• What needs to be done
The response should contain all of the data below, reproduced exactly, and no pictures.

-------- Dataset section

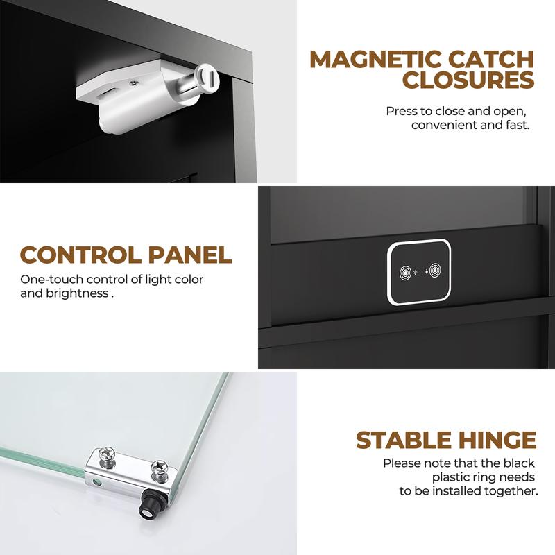 【3 Color LED Lights】Display cabinet features 3 color LED lights that add a modern touch to your living space and allow for clear display even in the dark. 3 colors lights: white light, warm light, blue light, brightness adjustable.
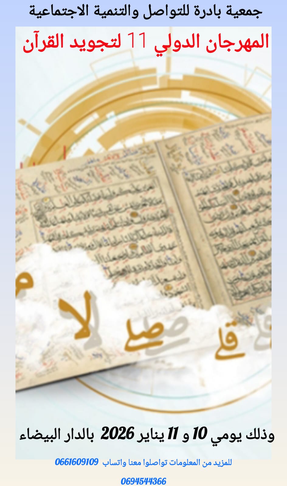 تستعد مدينة الدار البيضاء الكبرى لاحتضان دورة جديدة من فعاليات المهرجان الدولي لتحويد القران الكريم و الذي تنظمه جمعية بادرة للتواصل والتنمية الاجتماعية احتفالا بذكرى تقديم وثيقة المطالبة بالاستقلال .
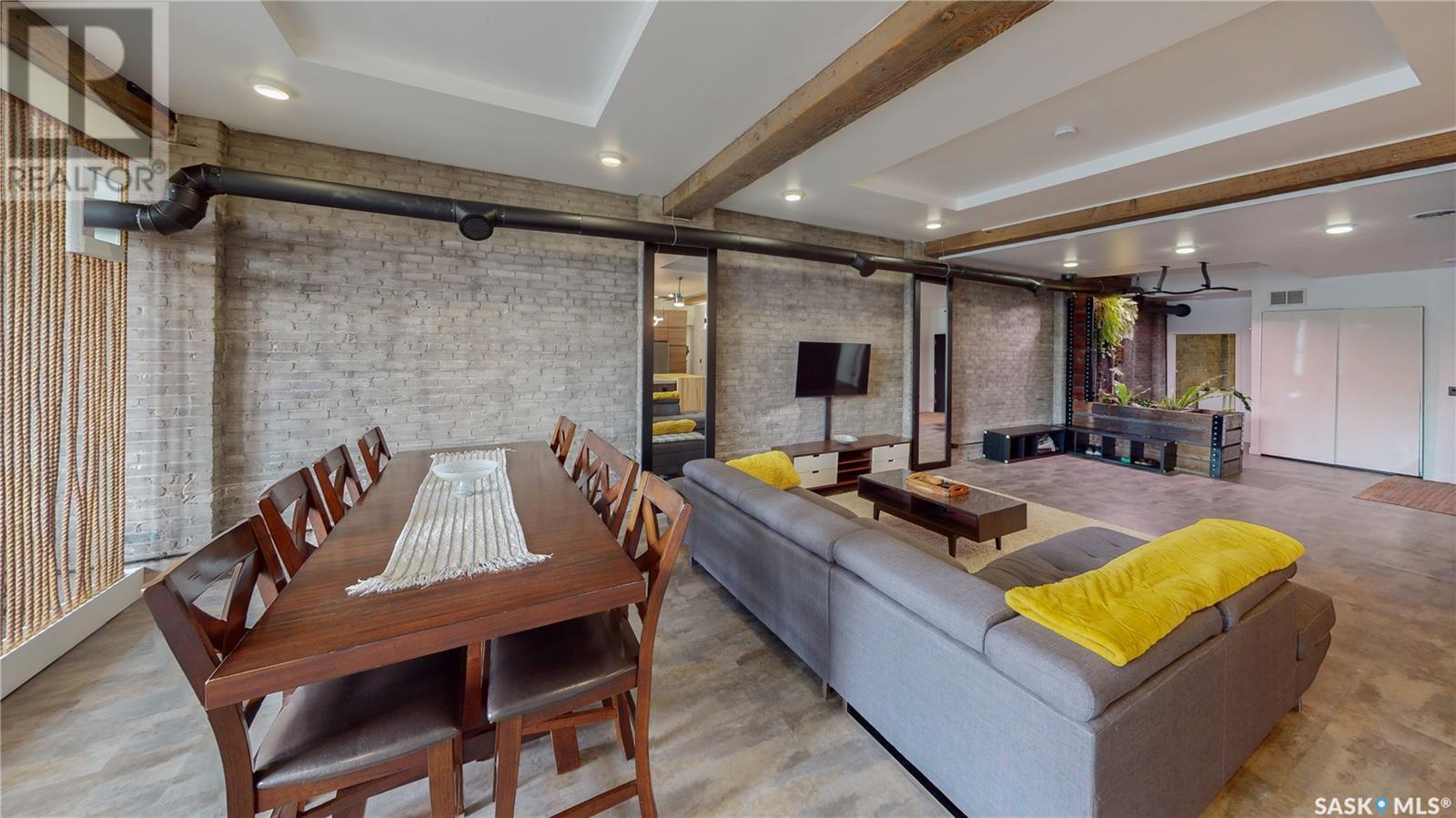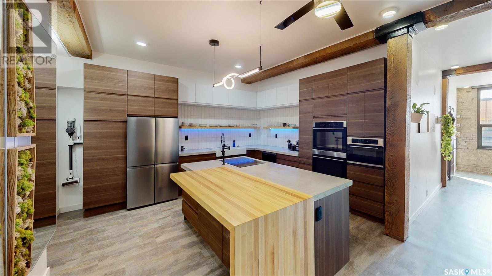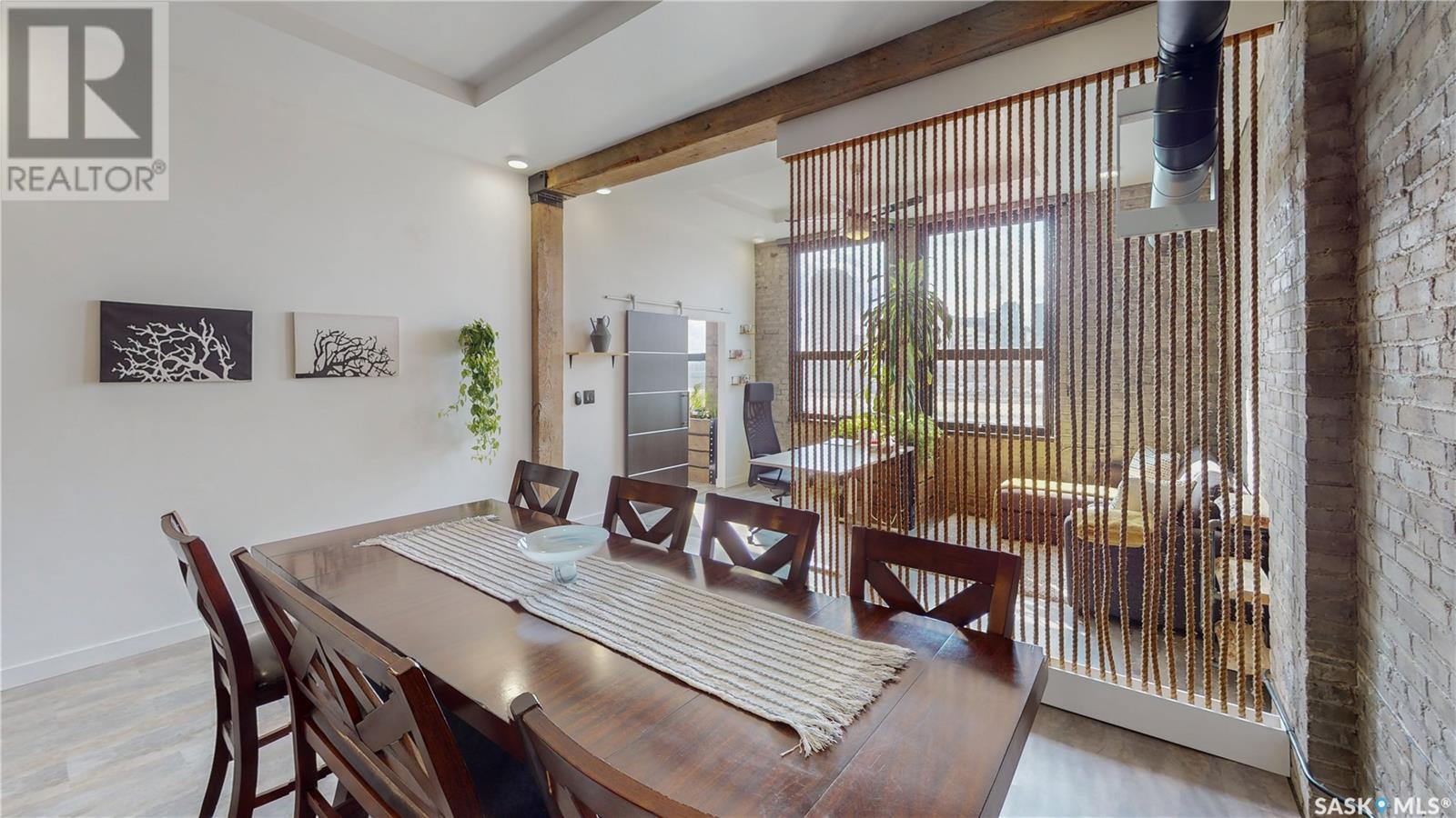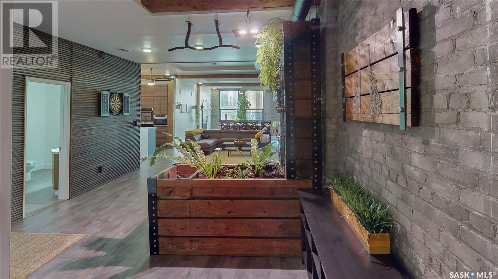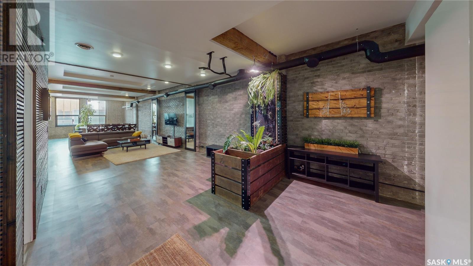 Welcome to unit 400 at 2128 Dewdney Ave in The Ackerman building! This 2 bed 3 bathroom, 1847 square foot fourth floor condo is located in Regina’s lively Warehouse district. You enter the fully furnished suite into the porch where a sitting area offers coat and shoe storage. One of the first things you see is a stunning vertical garden box with fully integrated lighting and watering system. Towards the back of the suite is the first bedroom with vinyl tile flooring, beautiful exposed brick and an auxiliary electrical heater. This bedroom also contains a dedicated entrance from the hallway. The 3 piece ensuite has a tile floor and a large corner jet tub. The main 3 piece bathroom is centrally located within the suite and has a tile shower, updated fixtures and a large vanity. The living room is open and bright with light filling the suite from large south facing windows. The original exposed beams and brick offer authentic warehouse condo feels. The kitchen has an abundance of cabinet storage. It's finished with concrete countertops, a waterfall butcher block, soft close cabinets/drawers, and LED under-lit floating shelves. New appliances include an induction cooktop with pot filler, stainless steel fridge, built in double oven, microwave and dishwasher. The laundry and utility room is neatly behind a door in the kitchen and includes the front load washer and dryer and has an updated gas furnace and water heater. The spacious dining area easily fits a large 8 person dining table. The office at the front of the unit is filled with light as the large windows look out to the cityscape. The primary bedroom is spacious enough for a king size bed and has two additional large south facing windows. The primary also contains a walk-in closet and a 3 piece ensuite with a large steam shower. Flexible possession date is available with option to continue executive rental ($2,350/mo) or renew Jan 1, 2024 (id:22211)

----------------

• Response to the exercise
 【3 Color LED Lights】Display cabinet features 3 color LED lights that add a modern touch to your living space and allow for clear display even in the dark. 3 colors lights: white light, warm light, blue light, brightness adjustable.
 تستعد مدينة الدار البيضاء الكبرى لاحتضان دورة جديدة من فعاليات المهرجان الدولي لتحويد القران الكريم و الذي تنظمه جمعية بادرة للتواصل والتنمية الاجتماعية احتفالا بذكرى تقديم وثيقة المطالبة بالاستقلال .
 Welcome to unit 400 at 2128 Dewdney Ave in The Ackerman building! This 2 bed 3 bathroom, 1847 square foot fourth floor condo is located in Regina’s lively Warehouse district. You enter the fully furnished suite into the porch where a sitting area offers coat and shoe storage. One of the first things you see is a stunning vertical garden box with fully integrated lighting and watering system. Towards the back of the suite is the first bedroom with vinyl tile flooring, beautiful exposed brick and an auxiliary electrical heater. This bedroom also contains a dedicated entrance from the hallway. The 3 piece ensuite has a tile floor and a large corner jet tub. The main 3 piece bathroom is centrally located within the suite and has a tile shower, updated fixtures and a large vanity. The living room is open and bright with light filling the suite from large south facing windows. The original exposed beams and brick offer authentic warehouse condo feels. The kitchen has an abundance of cabinet storage. It's finished with concrete countertops, a waterfall butcher block, soft close cabinets/drawers, and LED under-lit floating shelves. New appliances include an induction cooktop with pot filler, stainless steel fridge, built in double oven, microwave and dishwasher. The laundry and utility room is neatly behind a door in the kitchen and includes the front load washer and dryer and has an updated gas furnace and water heater. The spacious dining area easily fits a large 8 person dining table. The office at the front of the unit is filled with light as the large windows look out to the cityscape. The primary bedroom is spacious enough for a king size bed and has two additional large south facing windows. The primary also contains a walk-in closet and a 3 piece ensuite with a large steam shower. Flexible possession date is available with option to continue executive rental ($2,350/mo) or renew Jan 1, 2024 (id:22211)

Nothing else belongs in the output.